Diciamo che si deve usare il patrimonio pubblico, abbandonato o in dismissione, per utilizzarlo per l’emergenza abitativa o per farne progetti di recupero e rigenerazione urbana. Che va requisito e recuperato il patrimonio privato invenduto per destinarlo ad alloggi sociali.

Ma soprattutto sono anni che ragioniamo su una nuova legge di locazione che calmieri il mercato privato, che è necessario ed urgente lavorare ad una revisione della lg. 431.
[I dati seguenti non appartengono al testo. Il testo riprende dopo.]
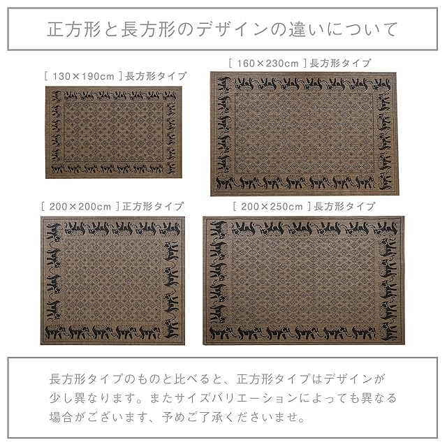 【サイズ】約 200х200 cm / 2帖 / 正方形【カラー】ライトブラウン

Abbiamo studiato e ci siamo informati, sappiamo tutto dei debiti del Comune di Roma contratti grazie ai derivati delle banche su cui le varie amministrazioni hanno speculato utilizzando il denaro pubblico, abbiamo perciò costruito proposte credibili, immaginato scenari concreti, perché a differenza loro l’emergenza abitativa la viviamo sui nostri corpi, nelle nostre vite.

Ed è per questo che le famiglie non usciranno da Campo Farnia finché non sarà rispettata e attuata la delibera 110/2005, che gli operatori occuperanno il posto di lavoro finché le competenze acquisite non verranno valorizzate per altri progetti di autonomia e autogestione delle politiche abitative, che le attività socio –culturali e sanitarie di campo non si fermeranno finché non saranno certe di avere un futuro nel territorio.

Perché non ci interessa vivere in una favola, vogliamo una vita vera fatta di diritti che non smetteremo mai di rivendicare.

Ps: Una buona parte del film vincitore del leone d’oro a Venezia “Sacro Gra” è stato girato a Campo Farnia, i suoi protagonisti non hanno affatto rinunciato al diritto all’abitare ma al contrario sono parte di chi contribuisce a costruire quel che un tempo veniva chiamato l’altro mondo possibile… per chi volesse passare a conoscerli.